Driver's driving state classification


It is mentioned in the paper that the higher the resolution of the output of the last convolutional layer, the stronger the localization ability, and the better the CAM image obtained. The corresponding processing method is not only to cut off the fully connected layer, but also to cut off some convolutional layers, so that the resolution is controlled at about 14. The following is the picture in the paper.
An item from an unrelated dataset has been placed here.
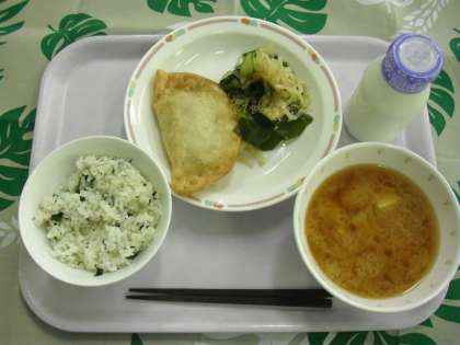 今日の給食『わかめごはん・ジャンボぎょうざ・じゃこサラダ・味噌汁・牛乳』

The biggest difference from the above picture is that it has red color. The reason may be a resolution problem, or it may simply be a color representation problem. Further experiments are needed to determine it, but it does not affect the visualization. The classification accuracy rate is also above 90%. .


640?wx_fmt=png

dog classification


In fact, it is natural to have a question here: if so many layers are cut off, will the accuracy rate be reduced?


The answer is yes, but it won't decrease much, and the network accuracy can be maintained by fine-tuning.


The following is the part of the code that everyone cares about most. I use Keras based on TensorFlow, so the color channel is at the end, and students who use other frameworks can adjust it, and it will be placed in the Github repository after a while.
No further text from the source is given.